June 23, 2025
Introducing HELMET: Holistically Evaluating Long-context Language Models
Introducing HELMET: Holistically Evaluating Long-context Language Models
Have you thought whether your chosen language model really understands lengthy documents or just pretends doing it? I used to believe that longer would be better. More information and larger context windows imply better models, right? But it's not always true. GPT-4o and Claude-3 can handle hundreds of thousands of tokens, exploding the long-context language model (LCLM) field. However, these models may use extended inputs, but assessing their long-term performance is different.
That's why I'm discussing HELMET today.
Why Just Bigger Isn't Always Better in Language Models
Let's discuss reality. Most people are using long-input models. You need reliability when summarizing legal docs or asking a model to draw conclusions from medical studies. Traditional benchmarks? They live in the past.
I often see Scrolls or "needle-in-a-haystack" benchmarks. They may appear good on paper, but they do not tell us anything in reality. Perplexity ratings and made-up tasks do not represent a model's performance on complicated tasks like citation-based creation or multi-document reasoning.
We needed more. Something genuine.
HELMET: A Real Solution to a Real Problem
HELMET (How to Evaluate Long-context Models Effectively and Thoroughly) was different when I first saw it. It evaluates and pushes models.
HELMET does not use mock stats or fluff. Instead, it tests models on real-world tasks including summarization, retrieval-augmented generation (RAG), citation-heavy outputs, re-ranking, and more.
Not simply diversified. Controllable. Adjust context length, test models with 8K tokens, or use 128K+. The best part? It supports basic and instruction-tuned models.
Running HELMET from Scratch
Like me, you want to evaluate your model locally to see how it compares. Good news: HELMET simplifies this.
First, get the code:
git clone https://github.com/princeton-nlp/HELMET
cd HELMET
pip install -r requirements.txt
To show this, let's use the RAG task. Allow me to show you an example configuration:
input_max_length: 131072
datasets: kilt_nq
generation_max_length: 20
test_files: data/kilt/nq-dev.jsonl
demo_files: data/kilt/nq-train.jsonl
use_chat_template: true
max_test_samples: 100
shots: 2
stop_new_line: true
model_name_or_path: meta-llama/Llama-3.1-8B-Instruct
use_tgi_serving: false
To kick off the evaluation, just run:
python eval.py --config configs/rag.yaml --model_name_or_path meta-llama/Llama-3.1-8B-Instruct
To start you do not need a huge cluster of computers. For quicker endpoints, you can use vLLM or Hugging Face TGI as HELMET supports it.
What We Learned from Running HELMET
The good part: results. After running HELMET on 59 models, researchers observed something surprising. Some tasks are better handled by smaller open-source models. Open-source models lagged on difficult tasks like citation-based answers.
My models behaved differently as input length grew, which shocked me. As context increased, even the strongest models worsened, notably for re-ranking. Massive. It indicates we cannot assume a million-token context window model always gives better responses.
No winner fits all. Certain models excel in summarization, others at ICL or retrieval.

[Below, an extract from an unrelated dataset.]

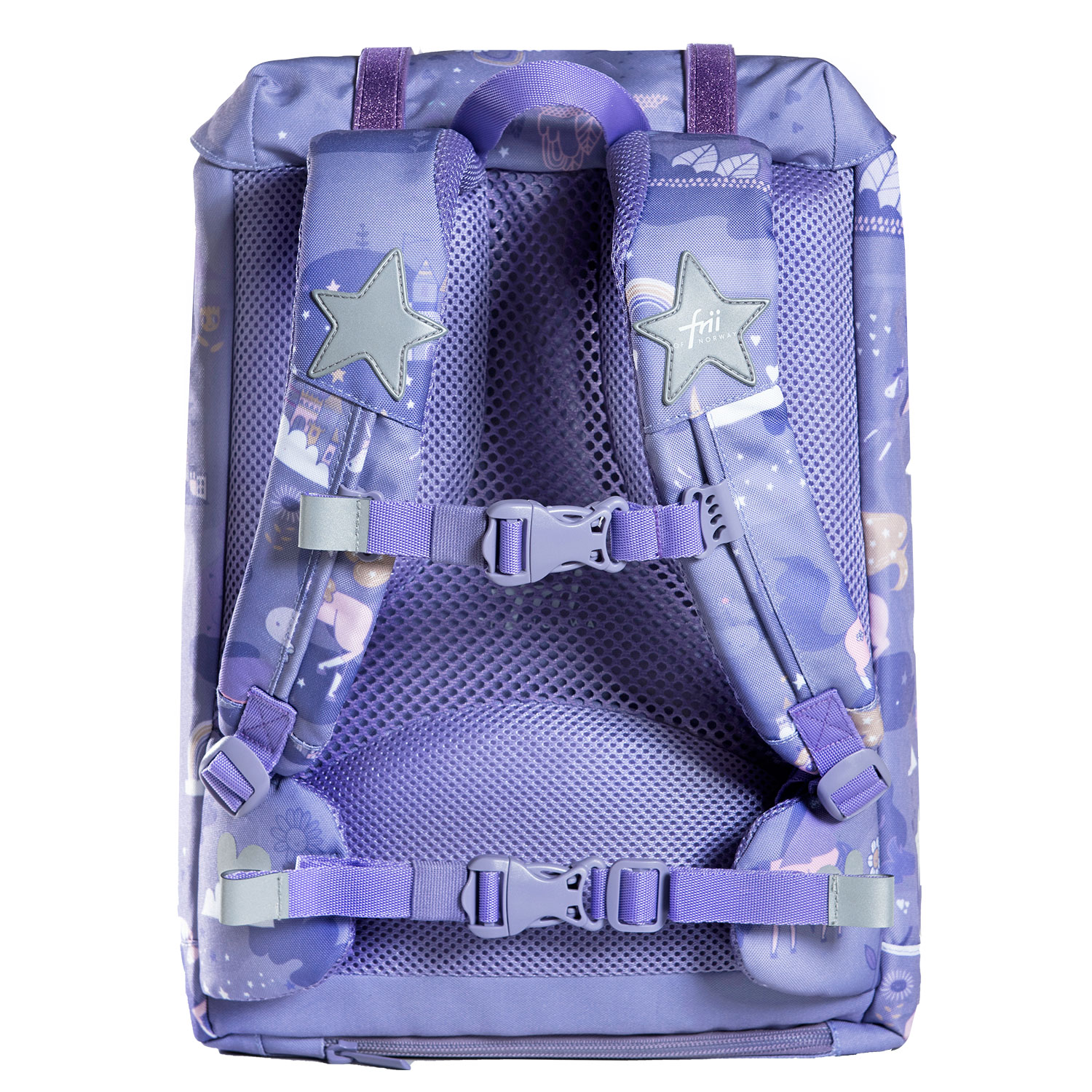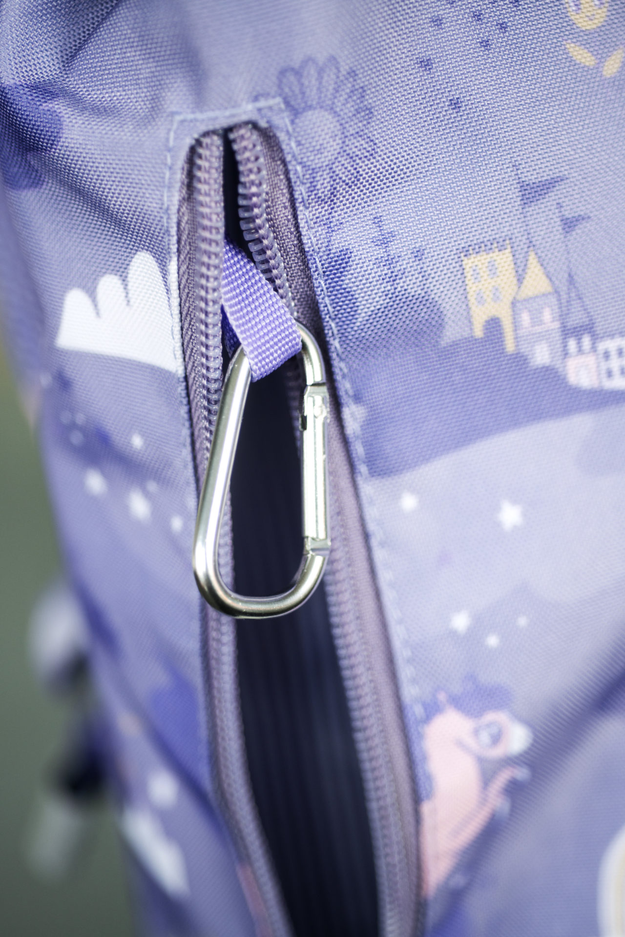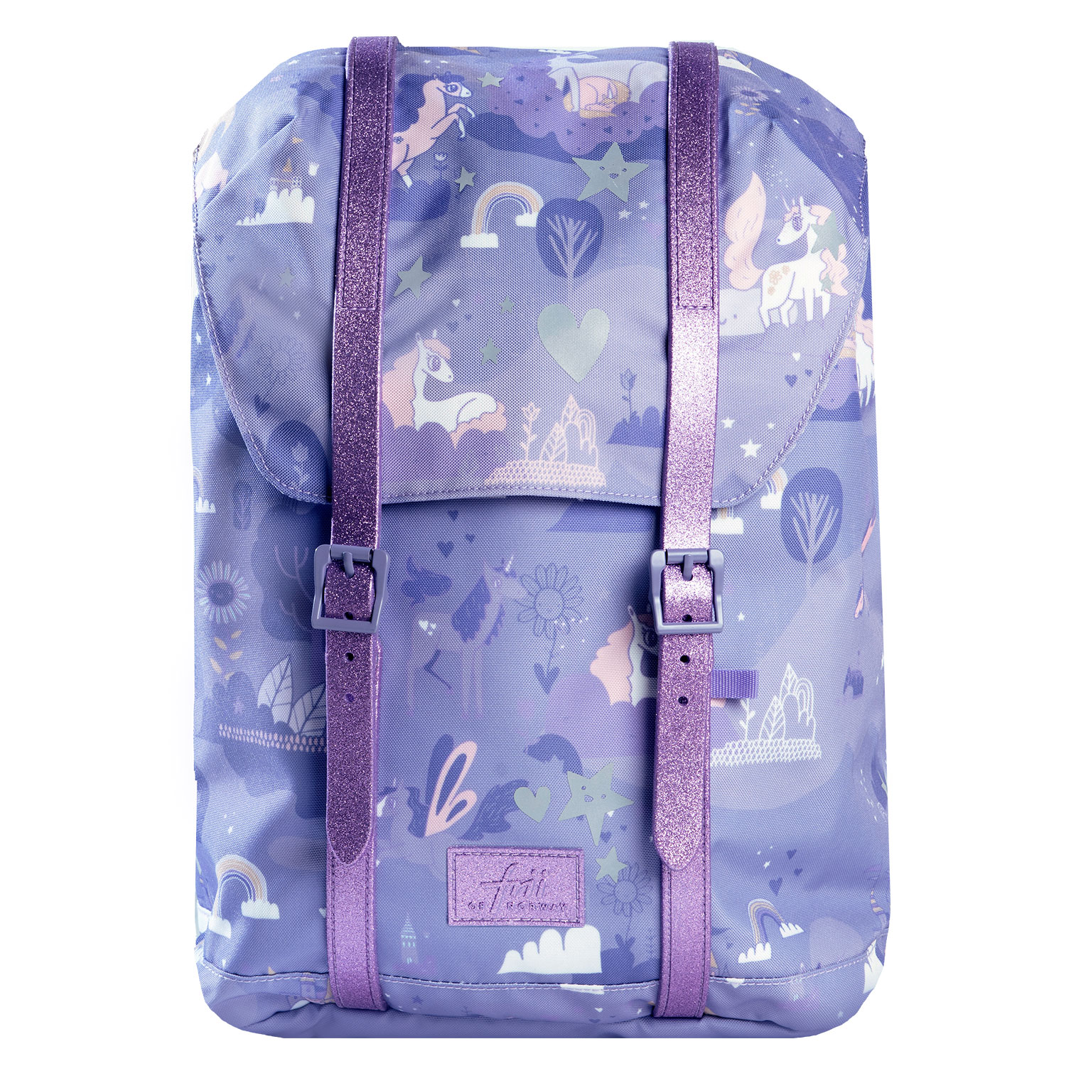 For everyone who loves unicorns, this backpack is a must! Fairytale design with unicorns, horses, rainbows, magic dust, and dream castles – from the children’s own dream world. Beautiful colors in purple and pink shades, with details in gold! And coolest of all: Straps with glitter! Reflectors are integrated with the design on all sides, like stars and hearts. And the backpack is of course super comfortable to wear! Easy to open and close with the magnetic closures on the straps. Clever, isn’t it? Side pocket for a water bottle and a snap hook for keys – or important decorations. If they aren’t already dangling from the loop on the front of the backpack. Matching rain cover in a separate pocket.
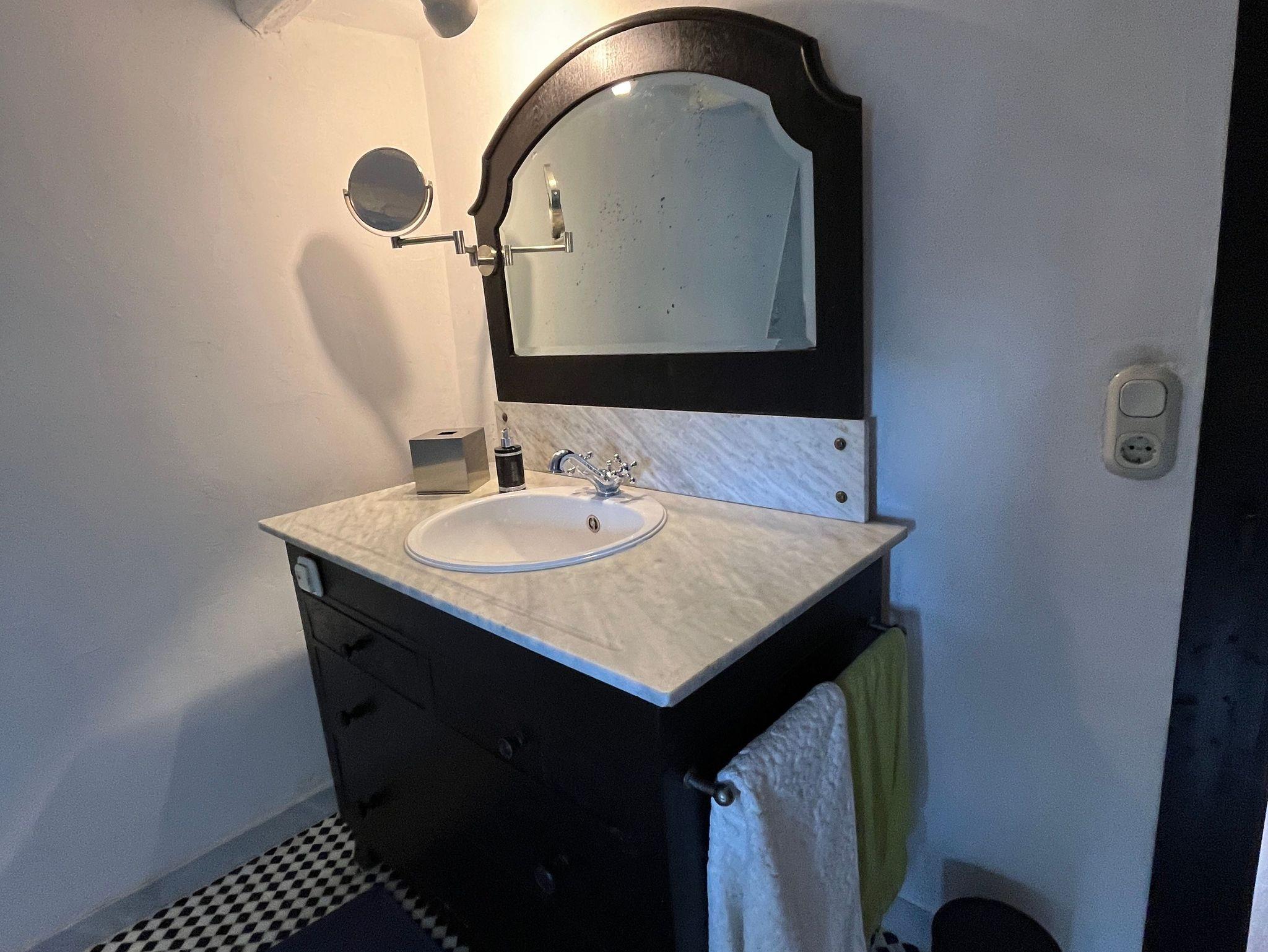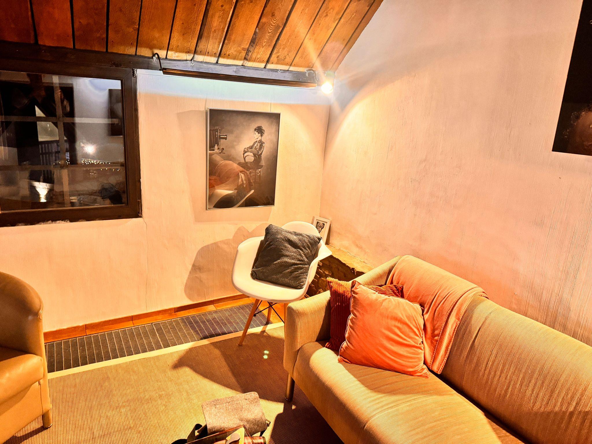 Im Erdgeschoss liegen das erste Esszimmer, die Küche, die Wein-/Kaffee-Chillout-Lounge, die Diele mit historischer Feuerstelle, an der früher gekocht wurde, der erste Lesebereich und das Natursteinbad mit Badewanne.

HELMET showed that these tasks do not necessarily correspond, making multi-level evaluation important.
So, How Do You Fit HELMET into Your Workflow?
Start with Recall and RAG if you are creating or modifying an LCLM. They are quick and accurate in assessing performance.
Better still, you may benchmark your model against the 59 previously benchmarked models. Check HELMET's leaderboard instead of reinventing the wheel.
Indeed, it scales! HELMET offers many serving structures for local testing and Intel Gaudi accelerator deployment.
What Next? HELMET + LongProc = Next-level Evaluation
Think HELMET is impressive? I would recommend try it with LongProc for even more better results.
HELMET evaluates models on long-context tasks, whereas LongProc evaluates models on long-form procedural reasoning. Consider multi-step assignments that need the model to produce 8,000 tokens or more.
The aim? Develop the ultimate LCLM evaluation suite with HELMET and LongProc, which handles extended inputs and outputs.
Conclusion
HELMET is a game-changer for language models that read, interpret, and reason through lengthy texts. Microsoft and AI21 use it since it is open-source and proven. Try HELMET, and you will never see long-context evaluation the same.